The usual way of measuring the winding temperature is the Resistance Method from the NEMA MG 1 spec. It's not difficult but you can't do it with a common Ohmmeter and it can involve some personal risk. For that reason I am not going to describe the method.

*Results*

The Harbor Freight has no nameplate. The full load current and insulation class are unknown, so I started at a low current value and worked my way up. Each test takes an hour to reach a stable temperature and several to cool down. When I got to the third value of 15.8A the temperature rise was 85C so I stopped. Not knowing the temperature rating of the motor I really didn't want to run it for an hour above that.

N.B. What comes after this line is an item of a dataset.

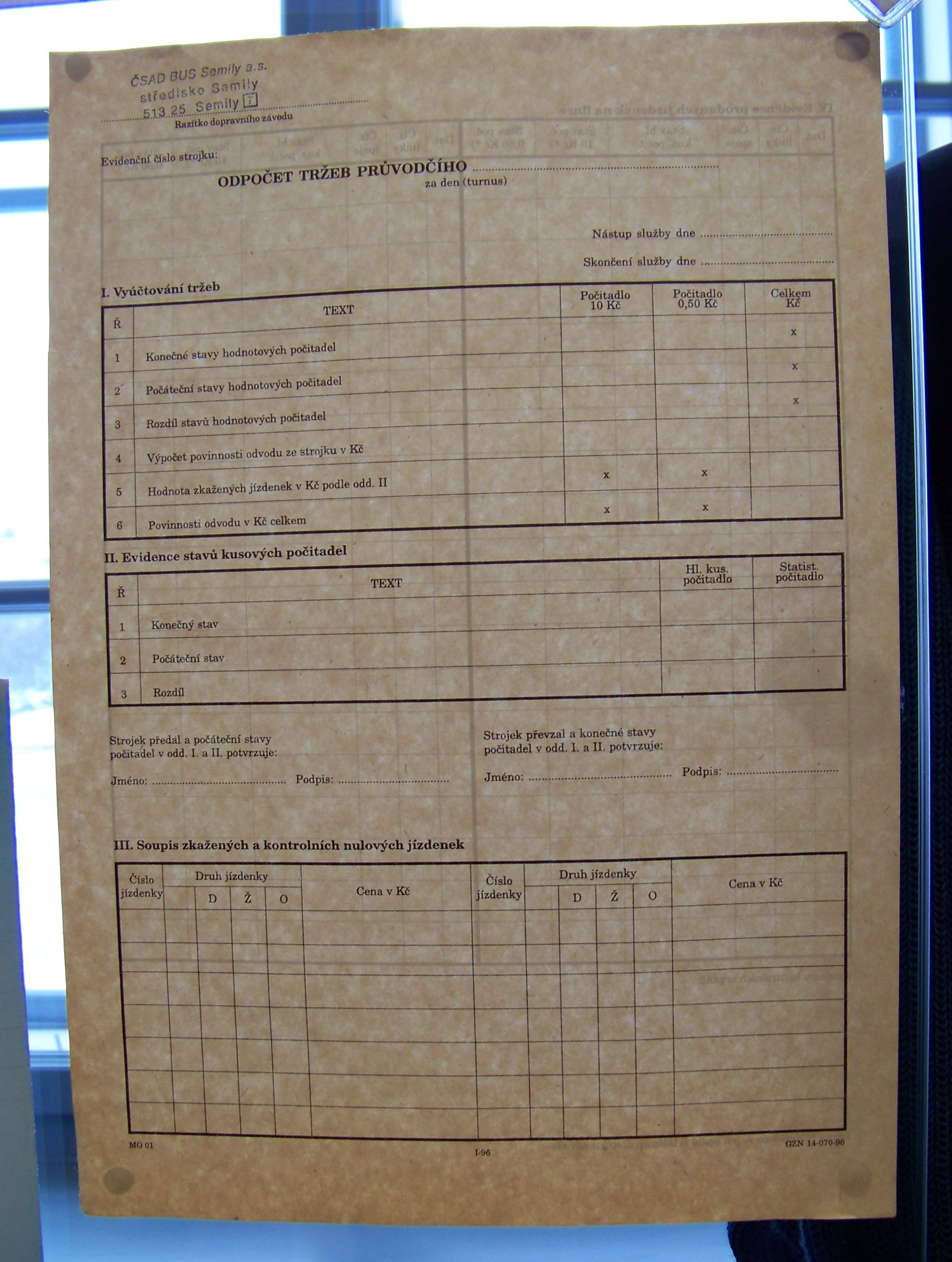 Lomnice nad Popelkou, Semily District, Liberec Region, Czech Republic. Exhibiton "History of the Transport Facility ČSAD Semily" by Lubomír Fejfar at Lomnice nad Popelkou castle. Takings report about sold bus tickets from Setright ticket machine.

The curve fit is simple square law. Above 16A it's an extrapolation. At some point above that, I don't know where, the curve will get steeper because the resistance of the windings increases with temperature. The motor might actually go into thermal runaway and the curve turn into a hockey stick. Above 16A the curve should be seen as a minimum, temperature rise will be at least what's shown.


----------



## 1965scooper (Oct 24, 2013)

clagwell said:


> *Help! My motor's smoking!*
> 
> Well, no, it's not really. I was just afraid that no one would look at a post with a boring title like "Temperature Rise".
> 
> ...


Clagwell, you've earned my respect and admiration for conducting this analysis and providing everyone with a cogent summary. Alas, I'm an aging English major. Information like yours only increases my math anxiety and will cause nightmares involving issues with junior high school algebra.

So, pardon me for not fully understanding. I'll just follow two rules:

1. When you buy cheap, you often end up buying twice.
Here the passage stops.